**Task to carry out**
Reproduce the material below only from the line with "Gubernur Sumsel H" to the line with "抠图照片编辑是一款简单实用的", both included, keeping each line exact and dropping the pictures.

**Data shown**
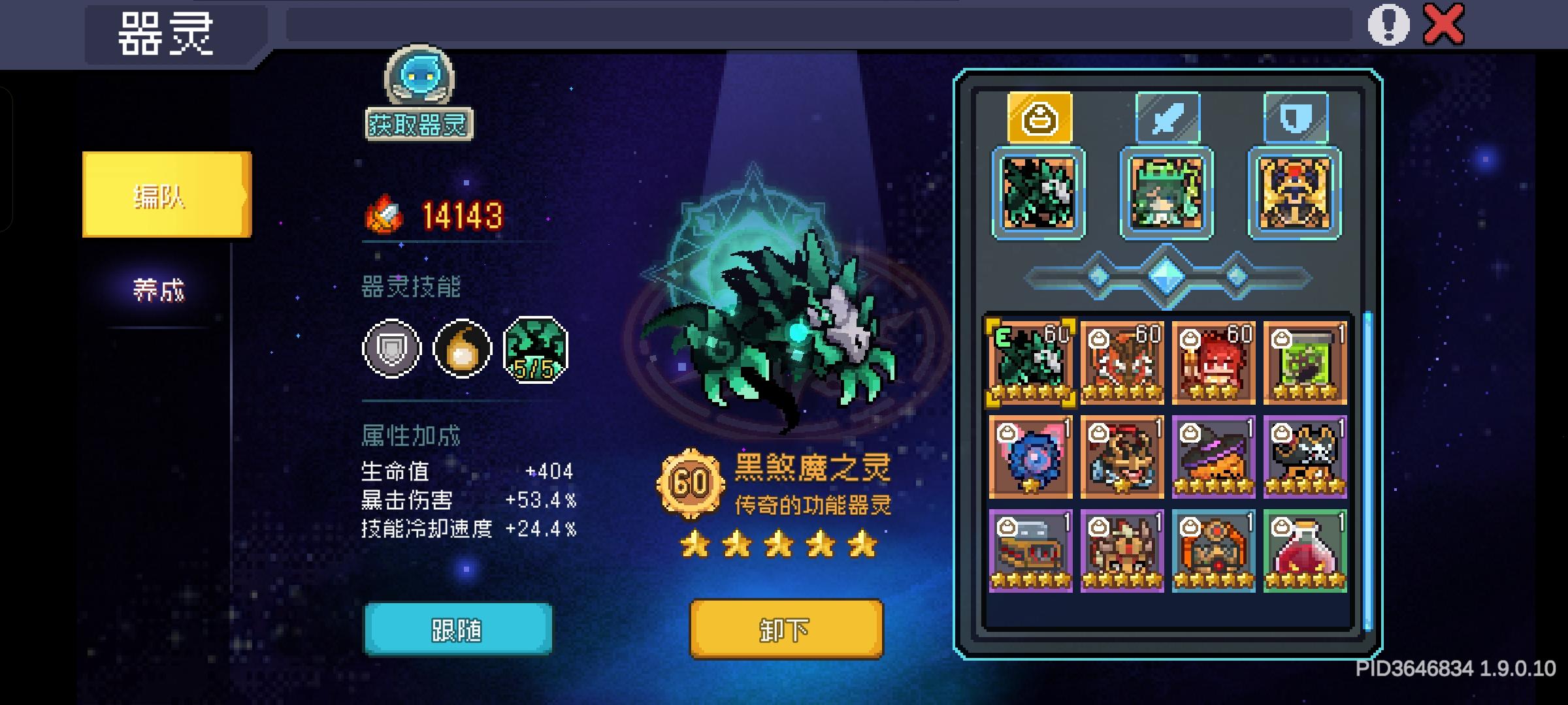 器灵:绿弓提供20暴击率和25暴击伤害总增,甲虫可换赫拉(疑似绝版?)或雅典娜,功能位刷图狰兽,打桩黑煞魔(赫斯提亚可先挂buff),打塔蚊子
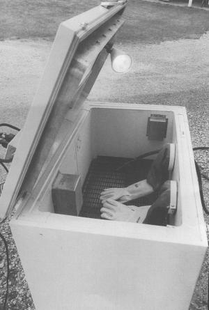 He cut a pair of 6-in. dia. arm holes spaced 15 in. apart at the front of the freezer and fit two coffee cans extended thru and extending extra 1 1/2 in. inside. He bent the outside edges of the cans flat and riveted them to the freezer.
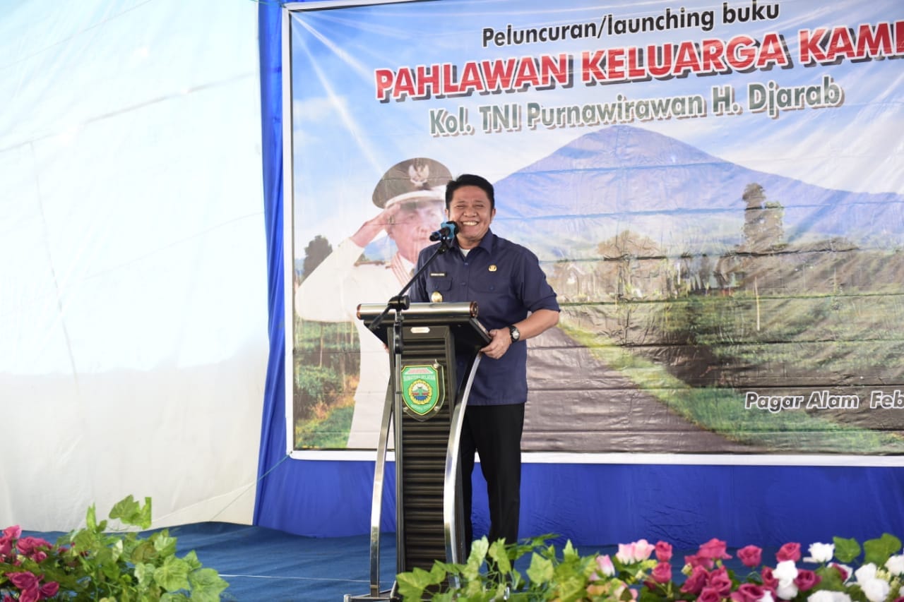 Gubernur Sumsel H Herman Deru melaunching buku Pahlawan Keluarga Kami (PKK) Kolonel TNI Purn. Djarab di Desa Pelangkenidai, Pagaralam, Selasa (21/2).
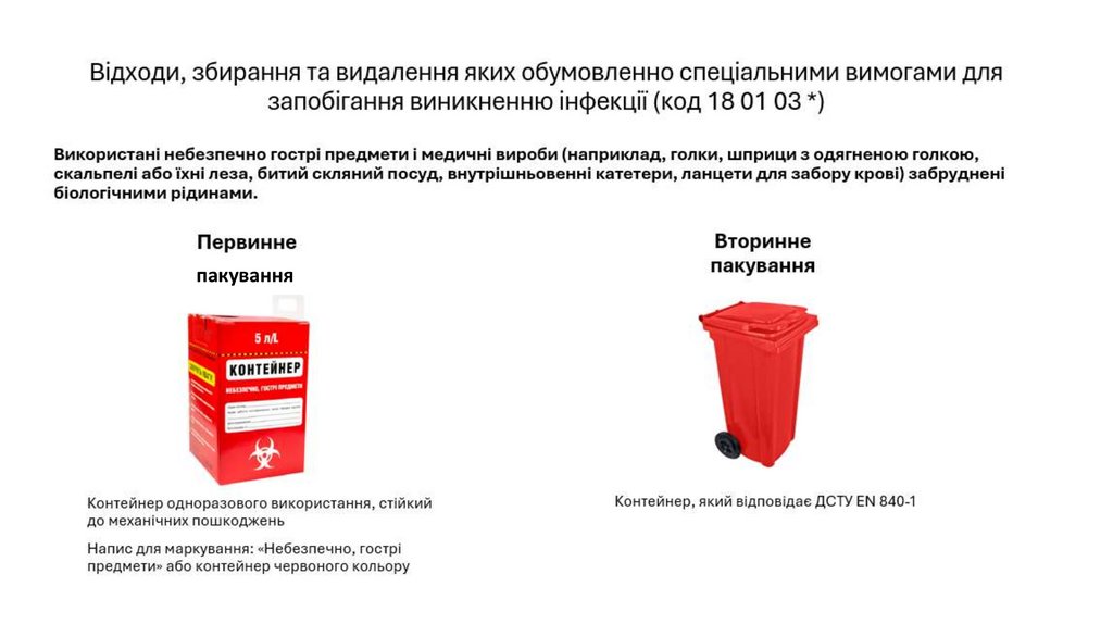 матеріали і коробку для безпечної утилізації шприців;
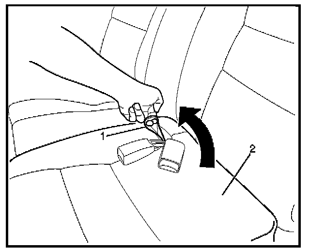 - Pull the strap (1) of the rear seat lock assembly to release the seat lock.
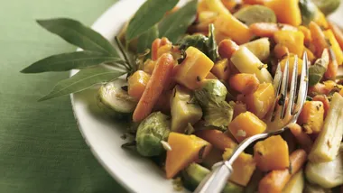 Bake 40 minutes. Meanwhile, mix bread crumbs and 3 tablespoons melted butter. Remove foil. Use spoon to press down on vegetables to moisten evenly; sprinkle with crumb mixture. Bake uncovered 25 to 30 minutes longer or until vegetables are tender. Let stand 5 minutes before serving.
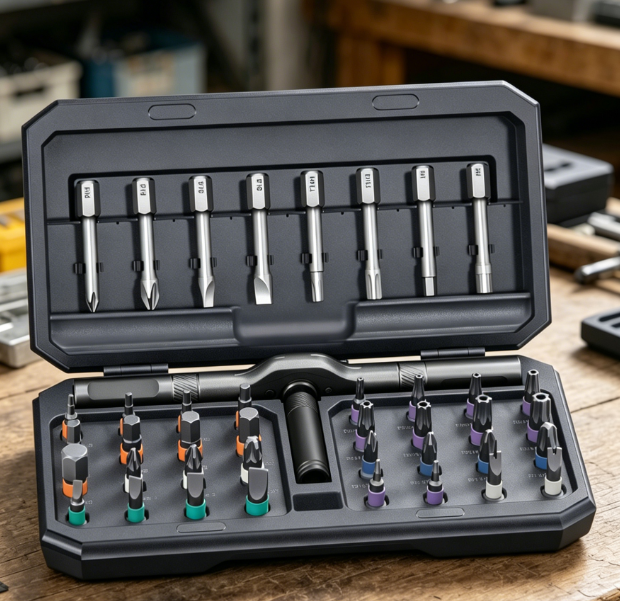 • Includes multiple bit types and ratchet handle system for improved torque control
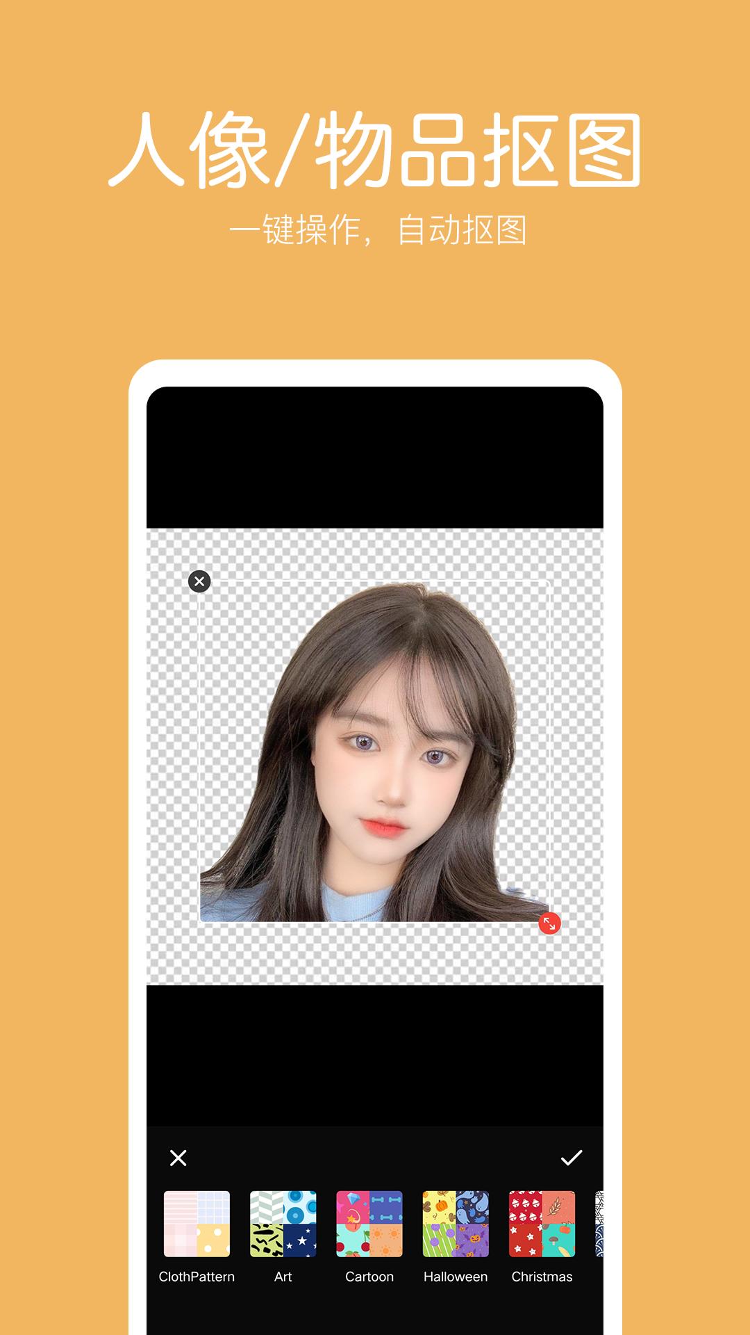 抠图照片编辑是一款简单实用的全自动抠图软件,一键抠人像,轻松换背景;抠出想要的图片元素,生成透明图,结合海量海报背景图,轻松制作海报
==
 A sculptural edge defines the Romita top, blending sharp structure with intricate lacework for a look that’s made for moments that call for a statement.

**Answer section**
 Gubernur Sumsel H Herman Deru melaunching buku Pahlawan Keluarga Kami (PKK) Kolonel TNI Purn. Djarab di Desa Pelangkenidai, Pagaralam, Selasa (21/2).
 матеріали і коробку для безпечної утилізації шприців;
 - Pull the strap (1) of the rear seat lock assembly to release the seat lock.
 Bake 40 minutes. Meanwhile, mix bread crumbs and 3 tablespoons melted butter. Remove foil. Use spoon to press down on vegetables to moisten evenly; sprinkle with crumb mixture. Bake uncovered 25 to 30 minutes longer or until vegetables are tender. Let stand 5 minutes before serving.
 • Includes multiple bit types and ratchet handle system for improved torque control
 抠图照片编辑是一款简单实用的全自动抠图软件,一键抠人像,轻松换背景;抠出想要的图片元素,生成透明图,结合海量海报背景图,轻松制作海报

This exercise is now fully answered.